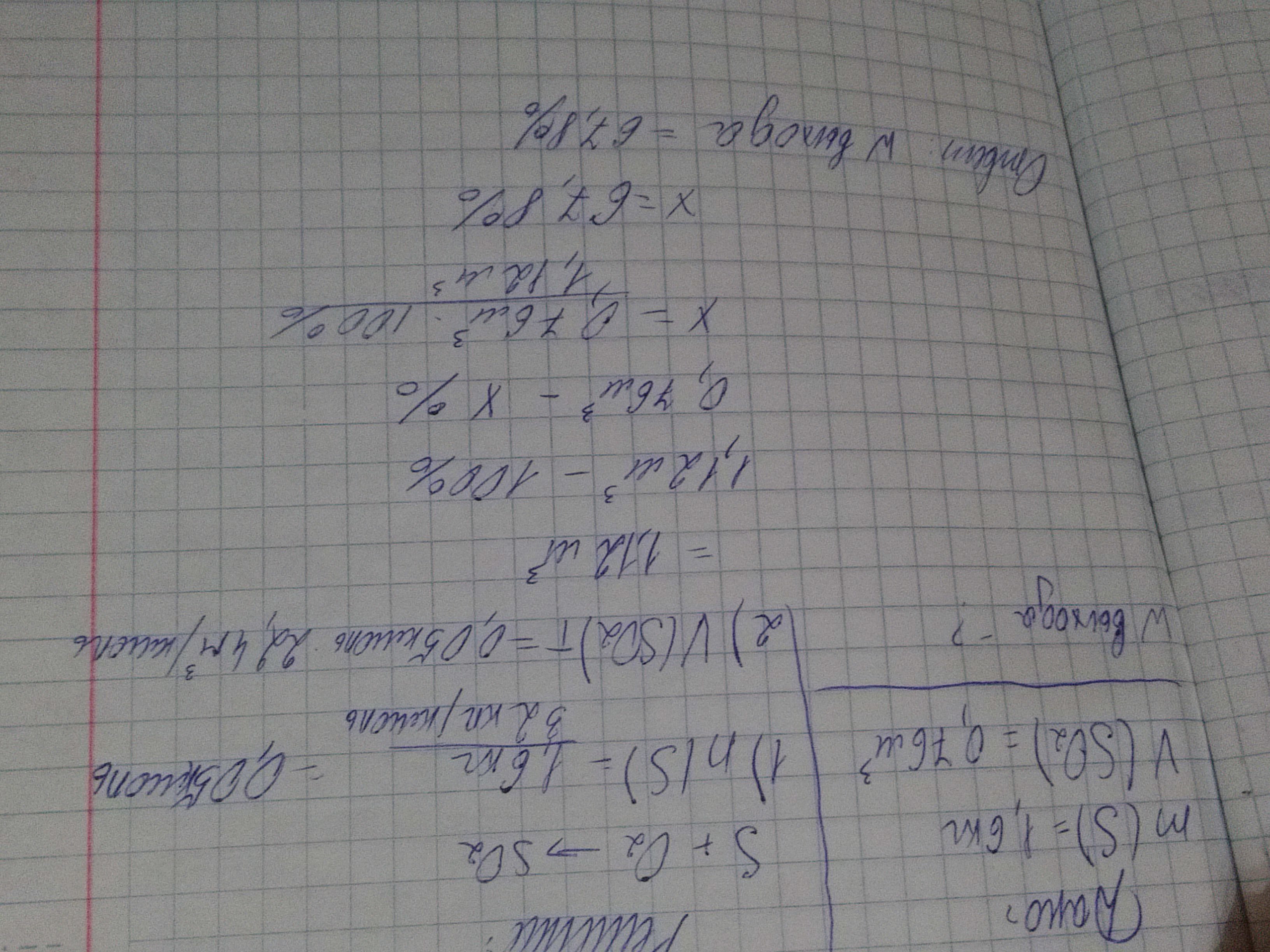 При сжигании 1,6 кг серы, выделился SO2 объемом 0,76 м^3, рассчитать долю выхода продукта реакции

* * *

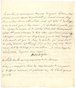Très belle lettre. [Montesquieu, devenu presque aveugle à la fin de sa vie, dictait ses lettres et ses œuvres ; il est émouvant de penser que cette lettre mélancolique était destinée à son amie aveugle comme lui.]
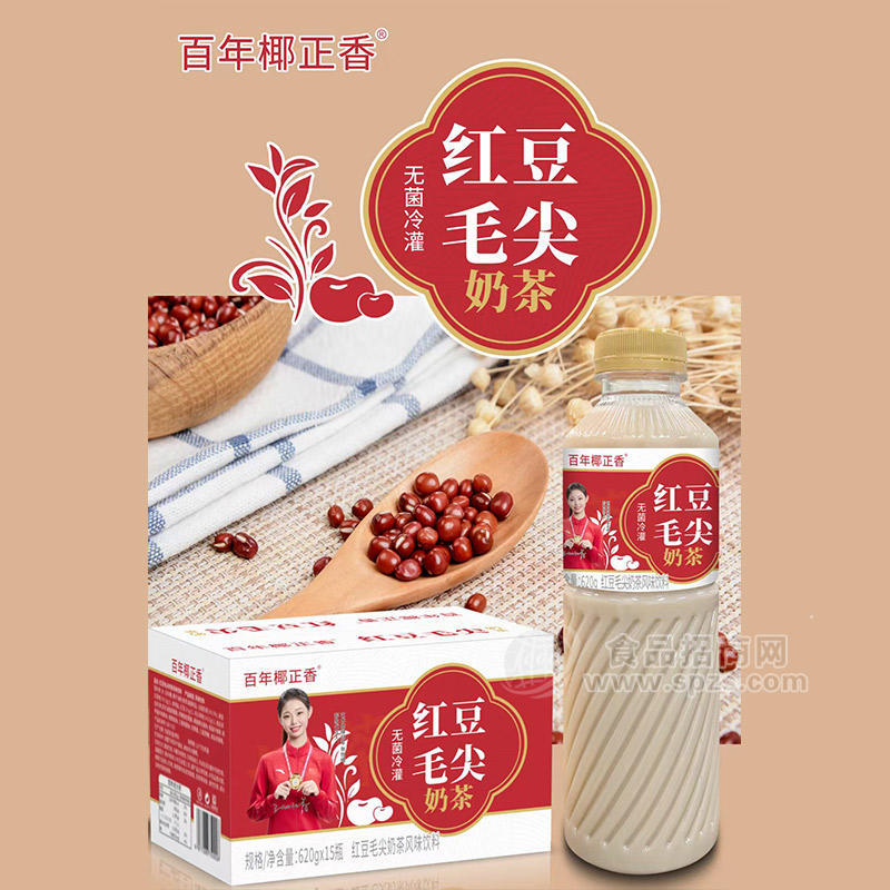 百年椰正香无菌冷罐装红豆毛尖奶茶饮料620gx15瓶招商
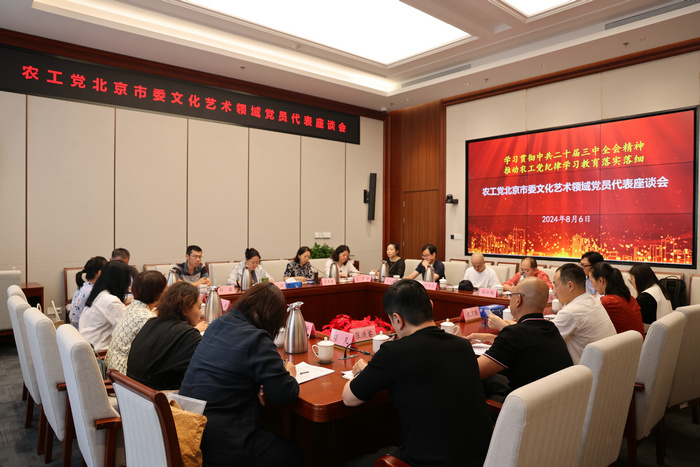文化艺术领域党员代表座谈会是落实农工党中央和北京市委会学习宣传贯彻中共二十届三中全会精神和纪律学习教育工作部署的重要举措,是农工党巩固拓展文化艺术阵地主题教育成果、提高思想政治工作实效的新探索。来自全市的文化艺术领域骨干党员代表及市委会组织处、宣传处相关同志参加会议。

* * *

TASK OBJECTIVE
In the records above, find the line with "百年椰正香无菌冷罐装红豆毛尖奶茶饮料620gx15瓶招商". Print exactly from there through the line with "文化艺术领域党员代表座谈会是", minus the pictures.

WORKED SOLUTION
 百年椰正香无菌冷罐装红豆毛尖奶茶饮料620gx15瓶招商
文化艺术领域党员代表座谈会是落实农工党中央和北京市委会学习宣传贯彻中共二十届三中全会精神和纪律学习教育工作部署的重要举措,是农工党巩固拓展文化艺术阵地主题教育成果、提高思想政治工作实效的新探索。来自全市的文化艺术领域骨干党员代表及市委会组织处、宣传处相关同志参加会议。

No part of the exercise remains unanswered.